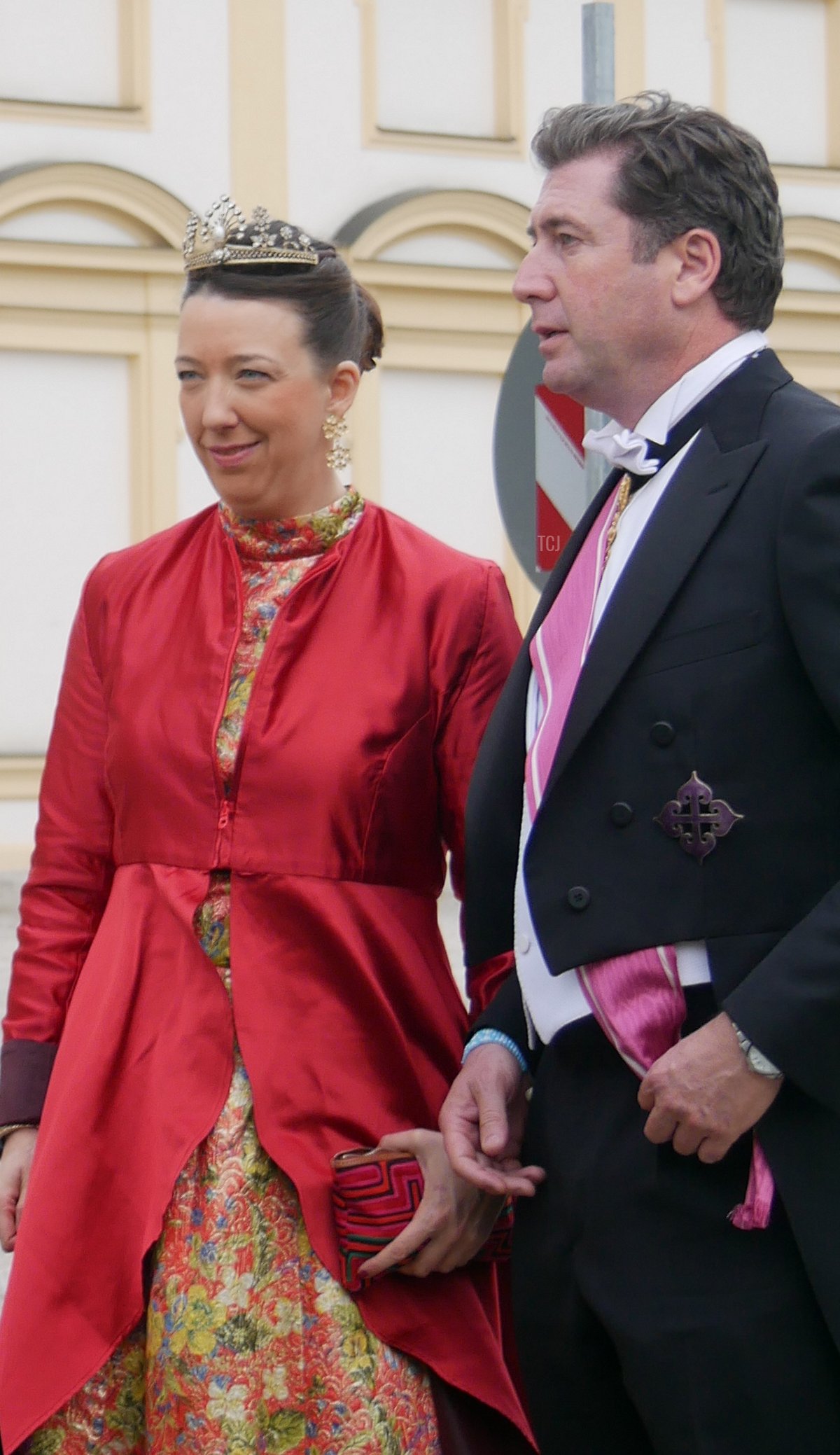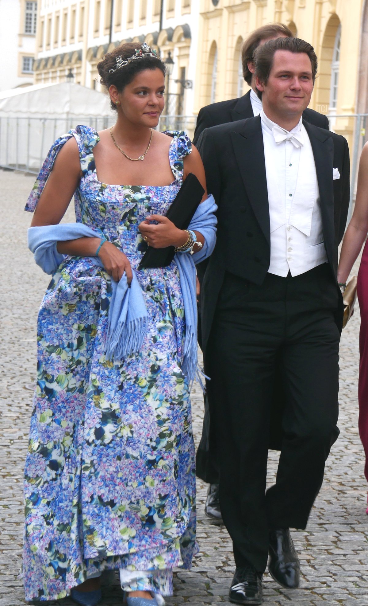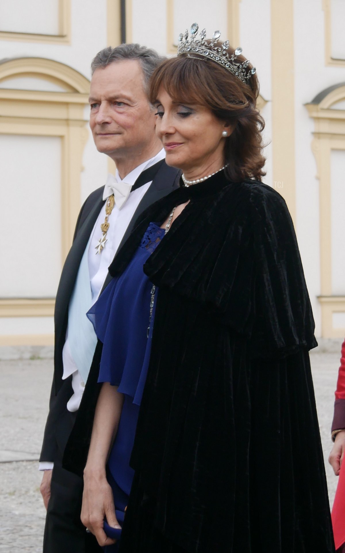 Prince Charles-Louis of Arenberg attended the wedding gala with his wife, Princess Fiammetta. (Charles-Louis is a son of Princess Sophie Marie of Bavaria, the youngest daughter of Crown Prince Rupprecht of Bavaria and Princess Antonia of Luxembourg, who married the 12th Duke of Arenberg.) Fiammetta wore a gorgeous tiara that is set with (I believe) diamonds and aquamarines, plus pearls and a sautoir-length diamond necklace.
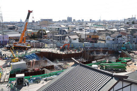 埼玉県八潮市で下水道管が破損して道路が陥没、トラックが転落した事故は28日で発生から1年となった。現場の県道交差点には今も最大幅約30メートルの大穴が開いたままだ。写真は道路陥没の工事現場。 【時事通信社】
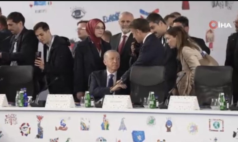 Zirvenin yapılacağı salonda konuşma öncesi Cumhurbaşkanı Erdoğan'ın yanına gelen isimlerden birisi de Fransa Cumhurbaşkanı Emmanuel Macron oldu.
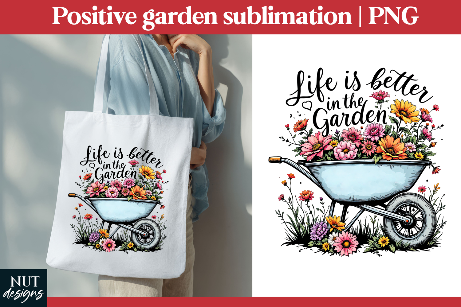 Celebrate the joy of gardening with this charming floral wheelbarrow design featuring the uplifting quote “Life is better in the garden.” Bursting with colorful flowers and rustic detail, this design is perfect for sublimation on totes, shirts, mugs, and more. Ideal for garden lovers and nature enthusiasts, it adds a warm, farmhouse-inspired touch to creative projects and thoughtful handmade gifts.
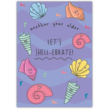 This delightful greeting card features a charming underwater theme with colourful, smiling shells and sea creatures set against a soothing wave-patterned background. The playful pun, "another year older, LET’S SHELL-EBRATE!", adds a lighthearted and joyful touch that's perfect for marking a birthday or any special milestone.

#### PROBLEM TO WORK ON
Would you copy out every line of the data above exactly, minus the pictures?

#### EXERCISE RESPONSE
 Prince Charles-Louis of Arenberg attended the wedding gala with his wife, Princess Fiammetta. (Charles-Louis is a son of Princess Sophie Marie of Bavaria, the youngest daughter of Crown Prince Rupprecht of Bavaria and Princess Antonia of Luxembourg, who married the 12th Duke of Arenberg.) Fiammetta wore a gorgeous tiara that is set with (I believe) diamonds and aquamarines, plus pearls and a sautoir-length diamond necklace.
 埼玉県八潮市で下水道管が破損して道路が陥没、トラックが転落した事故は28日で発生から1年となった。現場の県道交差点には今も最大幅約30メートルの大穴が開いたままだ。写真は道路陥没の工事現場。 【時事通信社】
 Zirvenin yapılacağı salonda konuşma öncesi Cumhurbaşkanı Erdoğan'ın yanına gelen isimlerden birisi de Fransa Cumhurbaşkanı Emmanuel Macron oldu.
 Celebrate the joy of gardening with this charming floral wheelbarrow design featuring the uplifting quote “Life is better in the garden.” Bursting with colorful flowers and rustic detail, this design is perfect for sublimation on totes, shirts, mugs, and more. Ideal for garden lovers and nature enthusiasts, it adds a warm, farmhouse-inspired touch to creative projects and thoughtful handmade gifts.
 This delightful greeting card features a charming underwater theme with colourful, smiling shells and sea creatures set against a soothing wave-patterned background. The playful pun, "another year older, LET’S SHELL-EBRATE!", adds a lighthearted and joyful touch that's perfect for marking a birthday or any special milestone.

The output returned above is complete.